Rather than viewing these as isolated events, we propose an integrated model where MYBL2 acts as a central driver of a “high-proliferation, immune-exhausted” phenotype. Its primary role in accelerating the cell cycle (evidenced by correlations with MKI67/PCNA) likely creates a state of high replicative stress. This hyper-proliferative state may explain the paradoxical sensitivity to sorafenib, as rapidly dividing cells are often more dependent on the RAS/RAF/MEK pathways targeted by the drug [54–56]. Thus, while these tumors are biologically aggressive, their high-proliferative state creates a specific vulnerability to kinase inhibitors. Simultaneously, this high tumor burden and potential neoantigen load (suggested by the correlation with MSI) likely recruit immune infiltrates, which, under chronic stimulation, progress to an exhausted and suppressive state (Tregs, exhausted T cells) as observed in our immune profiling.
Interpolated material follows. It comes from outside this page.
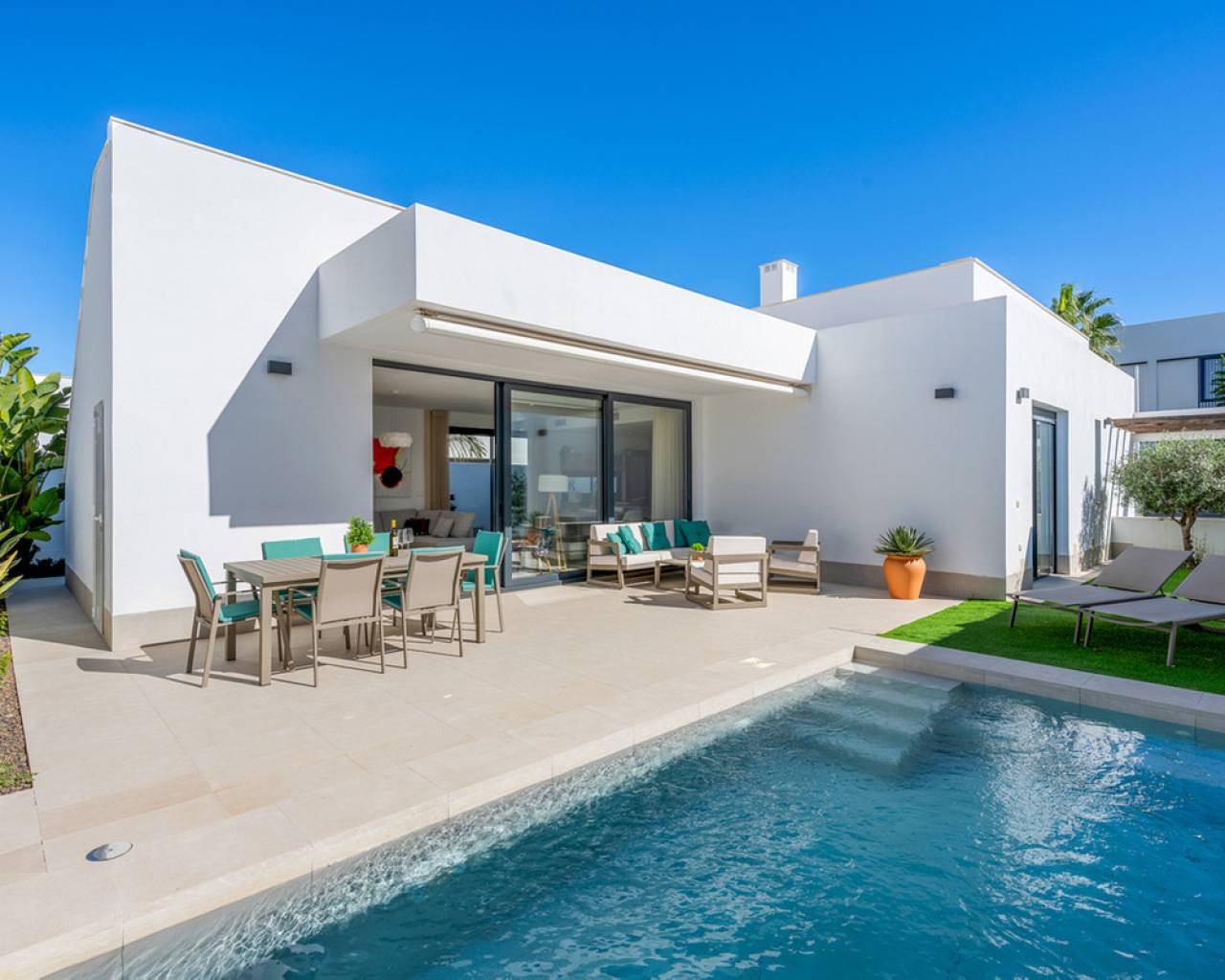 A modern style detached villas with 3 bedrooms and private swimming pool in Mar de Cristal, Murcia only 400 metres away from the beautiful white sandy beaches. The property boasts a cosy living/dining room with direct access to the garden, a modern fully equipped kitchen, utility/storage room, three bedrooms with fitted wardrobes, two bathrooms, air conditioning (hot/cold) throughout the property, several terraces, a landscaped private garden with swimming pool, off-road parking. Mar de Cristal is located in the Mar Menor and includes many features, such as the exclusive paddle and tennis club, a marina next to the promenade and beach, and the beach. In addition, there are multiple services, public and private, which will assure you the most comfortable and pleasant stay. Only 15 minutes from Cartagena, and only 5 minutes from La Manga Club, Cabo de Palos, or La Manga del Mar Menor. The Calblanque Regional Park, which can be found nearby, is described as a place of outstanding beauty, with long white sand beaches. Mar Menor Sea is one of the best places in the work where you can practice sailing, windsurfing, canoeing, swimming, water skiing, or any other kind of water sport.

The identification of miR-29a as a negative regulator of MYBL2 opens up new avenues for therapeutic interventions. Our in vitro and in vivo experiments demonstrating the tumor-suppressive effects of miR-29a overexpression through MYBL2 inhibition provide a strong rationale for developing miRNA-based therapies targeting MYBL2 in HCC. This approach aligns with the growing interest in miRNA therapeutics in cancer, as evidenced by recent clinical trials [57–61].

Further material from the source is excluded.